The diverse applications of whispering gallery modes in spherical microresonators are strongly related to the sphere size and material composition. Their design should therefore be optimized to ensure that parameters such as the quality factor and the free spectral range are maximized. Because of the imminent capacity crisis of the optical communication systems operating at the 1550 nm wavelength regime, it is time to explore optical communications at the 2 $μ\mbox{m}$ wavelength window.

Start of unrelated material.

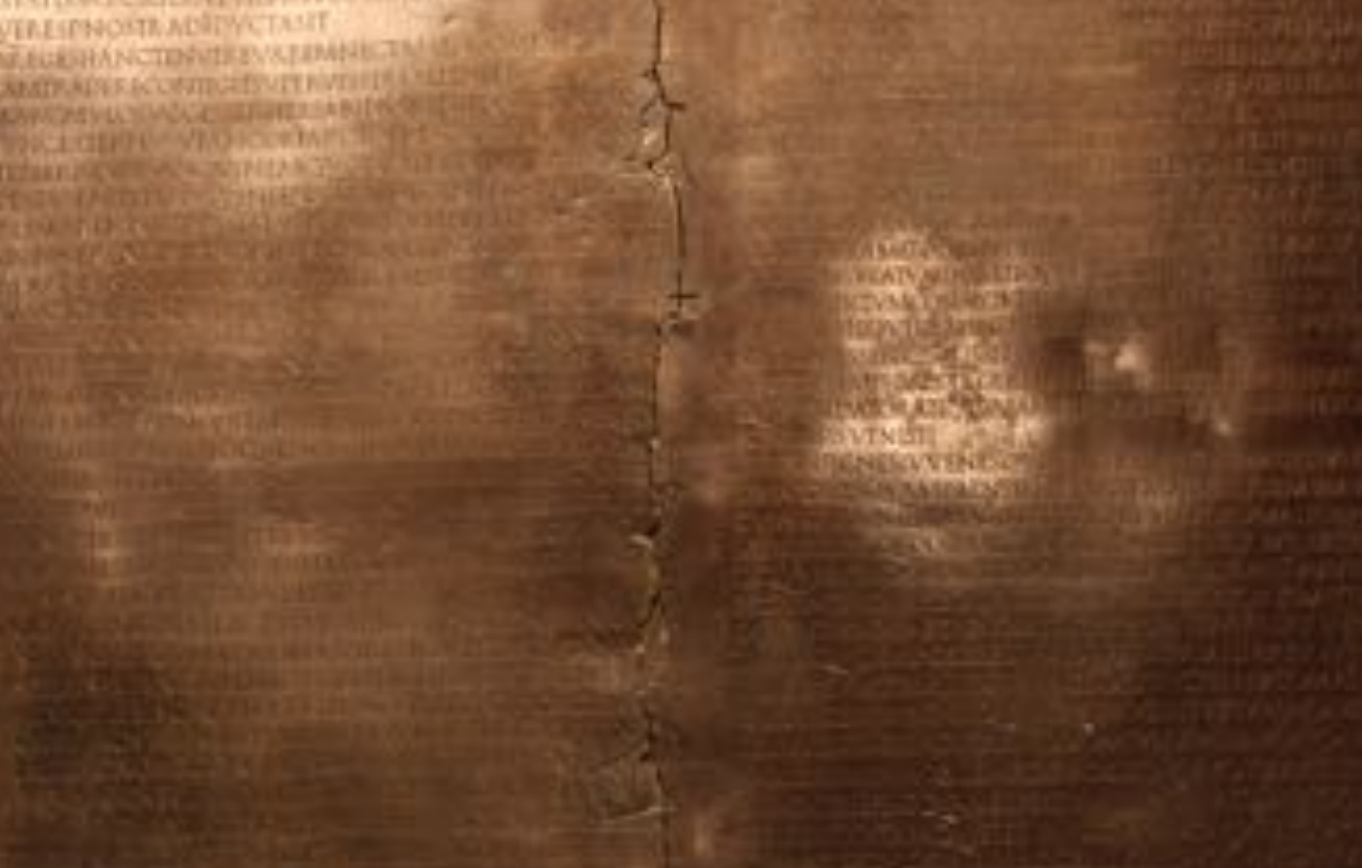
Lyon Tablet, 48

In this work, we analytically investigate key resonator parameters - quality factor and free spectral range - as a function of wavelength, aiming to establish a methodology to help identify optimal materials for whispering gallery mode sensors, with special attention at the 2 $μ\mbox{m}$ wavelength window. Specifically, we examine three materials: fused silica, AsSe chalcogenide glass and calcium fluoride, and we perform a comparison between them in order to identify the region in the parameter space of resonant wavelengths and sphere radius, $(λ_R,R$), where the WGM resonators are optimal at wavelengths $1.8 μ\mbox{m}<λ<2.1 μ\mbox{m}$.

Figures (8)

• Figure 1: (a) and (b) Refractive index, $n(\lambda)$, and (c) absorption coefficient, $\alpha(\lambda)$, for: silica (black dot-dashed line), calcium fluoride (red dashed line) and AsSe chalcogenide (blue solid line).
• Figure 2: Resonant wavelengths of the first radial mode as a function of the azimuthal number, for a fixed radius $R~=~25\,\mu$m, for the three materials under consideration.
• Figure 3: Radial TE field intensity of the fundamental radial mode in a microsphere with $R=25$$\mu$m and: (a) azimuthal mode $\ell$=150 ($\lambda_{SiO_2} = 1.4264\,\mu$m, $\lambda_{CaF_2} = 1.4080\,\mu$m, $\lambda_{AsSe} = 2.7379\,\mu$m); (b) resonant wavelength around 2 $\mu$m ($\ell_{SiO_2} = 104$, $\ell_{CaF_2} = 103$, $\ell_{AsSe} = 208$).
• Figure 4: Resonant wavelengths of the first radial mode as a function of the sphere radius, for a fixed azimuthal number $\ell=150$, for the three materials under consideration.
• Figure 5: $Q$-factor as a function of wavelength for fused silica (black dot-dashed line), calcium fluoride (red dashed line) and AsSe chalcogenide (blue solid line), for different sphere radii: (a) $R=5\,\mu$m, (b) $R=25\,\mu$m, (c) $R=50\,\mu$m, (d) $R=100\,\mu$m.